Celtics Draft Analysis: Jayson Tatum Pick Continues Boston’s Steady Climb

by abournenesn

Jun 23, 2017

BROOKLYN — The Boston Celtics have a plan. And despite the endless rumors and smokescreens, they’re sticking to it. (For now, anyway.)

For the second consecutive year, the C’s entered draft night at Barclays Center with the third overall pick and actually employed it, taking Duke forward Jayson Tatum in the 2017 NBA Draft on Thursday.

Tatum was one of four total selections for president of basketball operations Danny Ainge, who, as usual, kept Celtics fans on the edge of their seats amid reports he might try to trade for Kristaps Porzingis or Jimmy Butler.

Ainge went with the safe bet, though, spurning the more athletic but more volatile Josh Jackson to take a well-rounded 19-year-old who appeared mature beyond his years as he addressed the media in Brooklyn.

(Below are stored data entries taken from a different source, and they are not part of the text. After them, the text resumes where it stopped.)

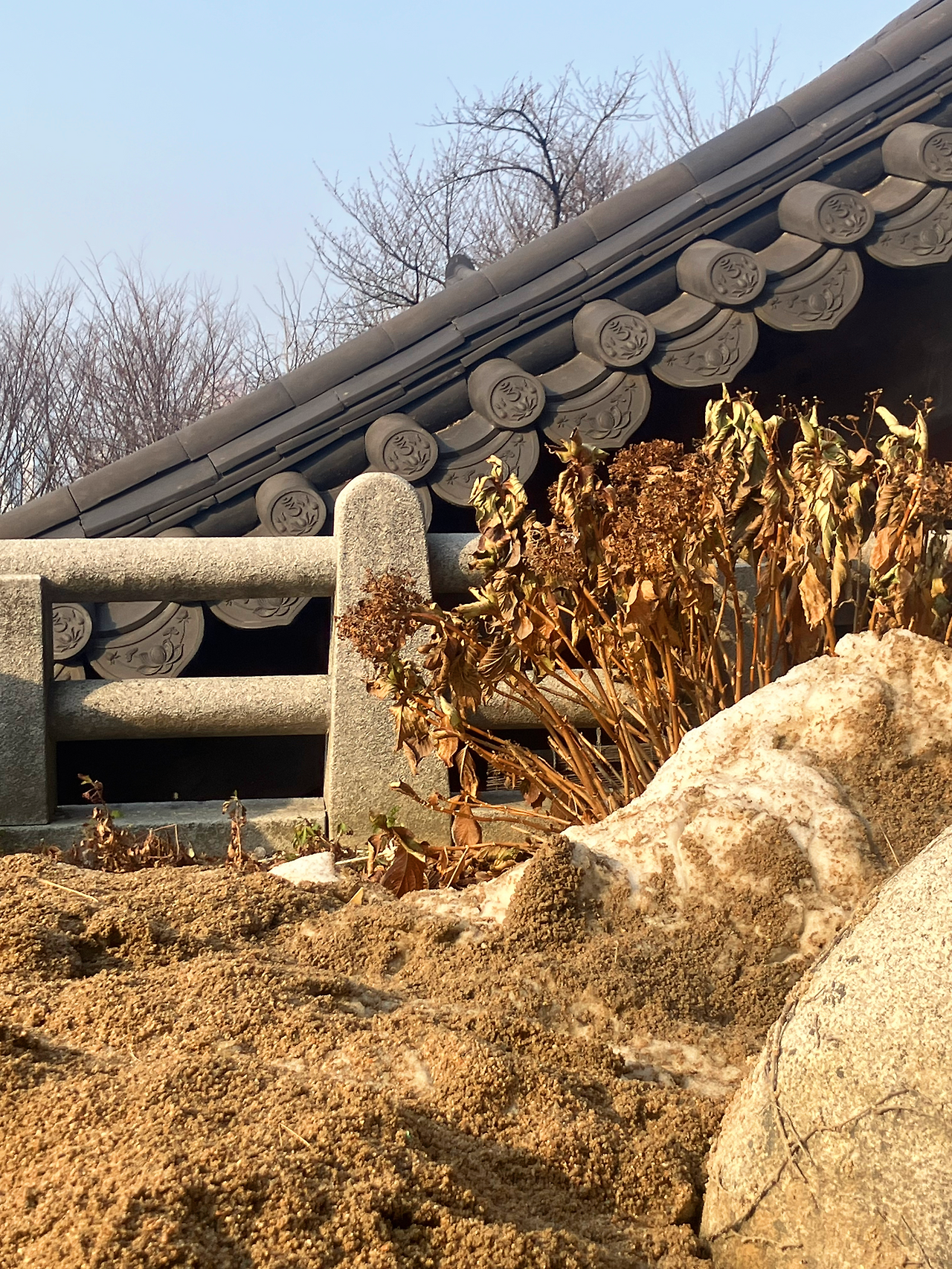 어제는 산사 중심도 아니고 변두리도 아닌 땅에 대충 뉘인 돌(주변에 벤치가 많이 있지만 자연석에 엉덩이를 끼워 맞추는 맛이 좋음)에 앉아 아빠다리 펼치고 줄기 같은 긴 팔로 턱을 괴어(얼굴을 꽃으로 바꾸어) 광합성하고 있는데 일차례 바람이 불더니 바다내음이 훅—정신을 차려보니 여긴 산중이고, 다만 내 앞에는 자갈과 모래. 바다냄새는 바닷물이 아닌 흙에서 왔나 보다(나의 기억은 전부 흙에 저장된 냄새였구나). 뒤이어 큼큼한 향냄새가 추억을 황급히 덮고... 아, 어디인들 어둠에 다한 폭죽놀이 그 바다로구나.
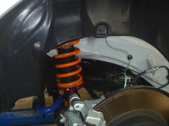 Aragosta車高調はアルミ製のアッパーマウントなどを使用しているので
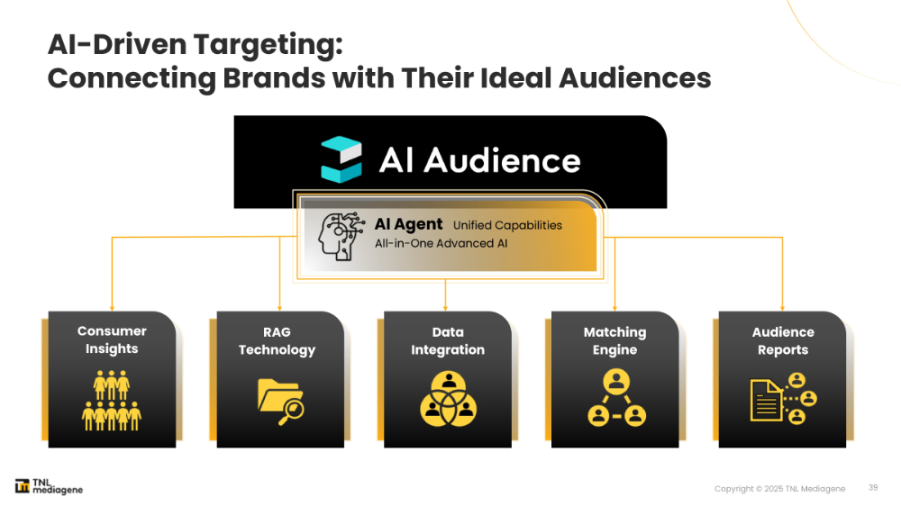 RAG Technology Consumer Insights Matching Engine Audience Reports Data Integration AI Agent All - in - One Advanced AI Unified Capabilities AI - Driven Targeting: Connecting Brands with Their Ideal Audiences 39 Copyright © 2025 TNL Mediagene
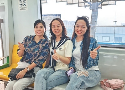 越南河內(nèi)市民點贊由中企承建的該國首條城市輕軌吉靈—河東線。
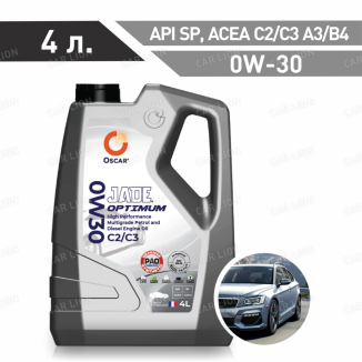Моторное масло Oscar Jade 0w30 Optimum API SP; ACEA C2/C3; A3/B4; MB 229.31/51/52; DX 2; BMWLL04; VW 504/507; RN0700/0710; PSA B71 2290/2297 синтетическое 4л.
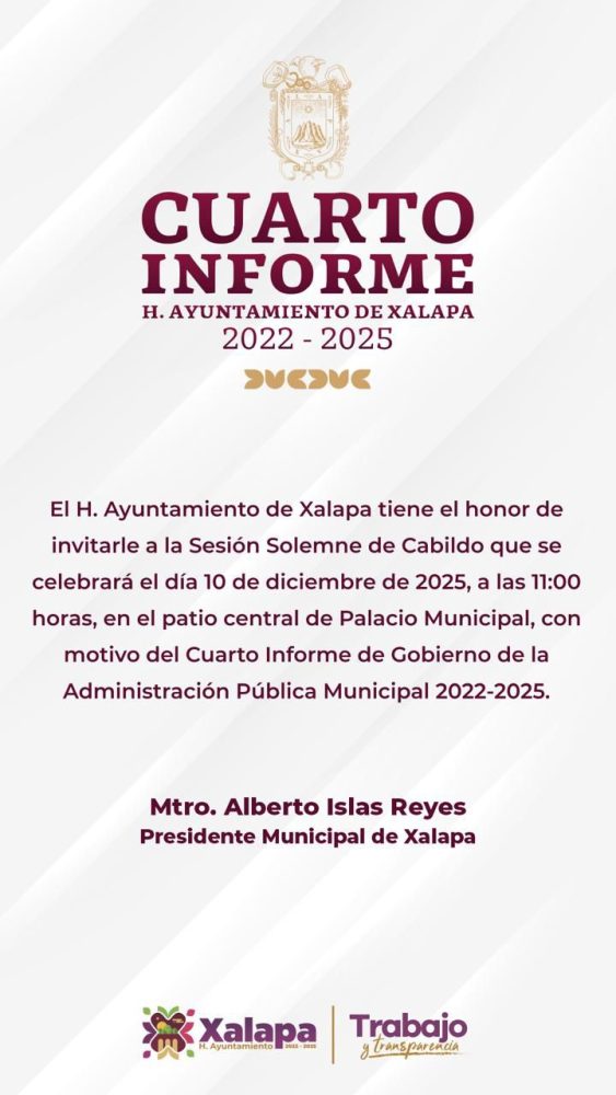 En cumplimiento a los ordenamientos legales y los principios de transparencia y rendición de cuentas, el próximo 10 de diciembre, a las 11:00 horas, el alcalde Alberto Islas Reyes rendirá el Cuarto Informe del Estado que Guarda la Administración Pública Municipal 2022-2025.
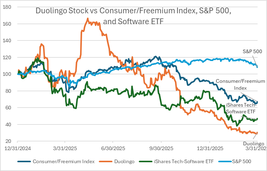 Like Coursera, Duolingo has underperformed relative to its peer group. Since the start of 2025, the stock has lagged a broader consumer/freemium index, the S&P 500, and software benchmarks such as the iShares Expanded Tech-Software ETF. The stock saw meaningful stock price appreciation in mid-2025, but has since given back those gains, reflecting both multiple compression and concerns regarding the durability of its business model in an AI world.

“There’s so much more ahead that I want to accomplish,” Tatum told reporters, “and I’m excited I get to do it with the Boston Celtics.”

Of course, there’s always the possibility “Trader Danny” strikes again once free agency begins July 1, swinging Tatum in a trade for Paul George or making a similar big splash. But Boston’s actions Thursday night suggest an awareness of the NBA landscape: The Golden State Warriors are a cut above the rest of the NBA, so the best path lies in using the team’s many assets to build toward a bright future.

That path took a surprise twist a few days ago when Ainge shockingly traded the Celtics’ No. 1 pick to the Philadelphia 76ers in exchange for the No. 3 selection and a future first-rounder. His explanation — that Boston would have taken Tatum No. 1 overall had they kept the pick — leaves Celtics fans left wondering what could have been with Markelle Fultz, as it’s now their turn to “Trust the Process” on Ainge’s decision-making.

Yet it’s hard not to leave Thursday night feeling good about Boston’s moves. Tatum can guard multiple positions defensively and is a polished scorer, something the Celtics are lacking on the wing. The C’s also added a steal in the second round by drafting SMU forward Semi Ojeyele with the 37th overall pick.

Ojeyele is an absolute bulldozer at 6-foot-7, 235 pounds, and is another versatile defender to add to Celtics coach Brad Stevens’ arsenal. Add in Ojeyele’s impressive offensive game — 18.9 points per contest last season — and the critics seem to think Boston got quite the steal.

The Celtics’ maneuvering from years past landed them two more picks late in the second round, which they used on Arizona guard Kadeem Allen at No. 53 and Cal guard Jabari Bird at No. 56.

There’s a good chance both players don’t figure into Boston’s long-term plans, which could include a serious run at an NBA championship in the near future. Tatum will join last year’s No. 3 pick, Jaylen Brown, to form what could be a tantalizing 1-2 punch for years to come. If Ainge adds a high-end free agent such as Gordon Hayward to the mix — even at the expense of losing Jae Crowder or another member of the Celtics’ current core — it could push Boston’s ceiling even higher after a run to the Eastern Conference finals last season.

To be sure, the C’s aren’t at the top of the mountain yet. But they took another step upward.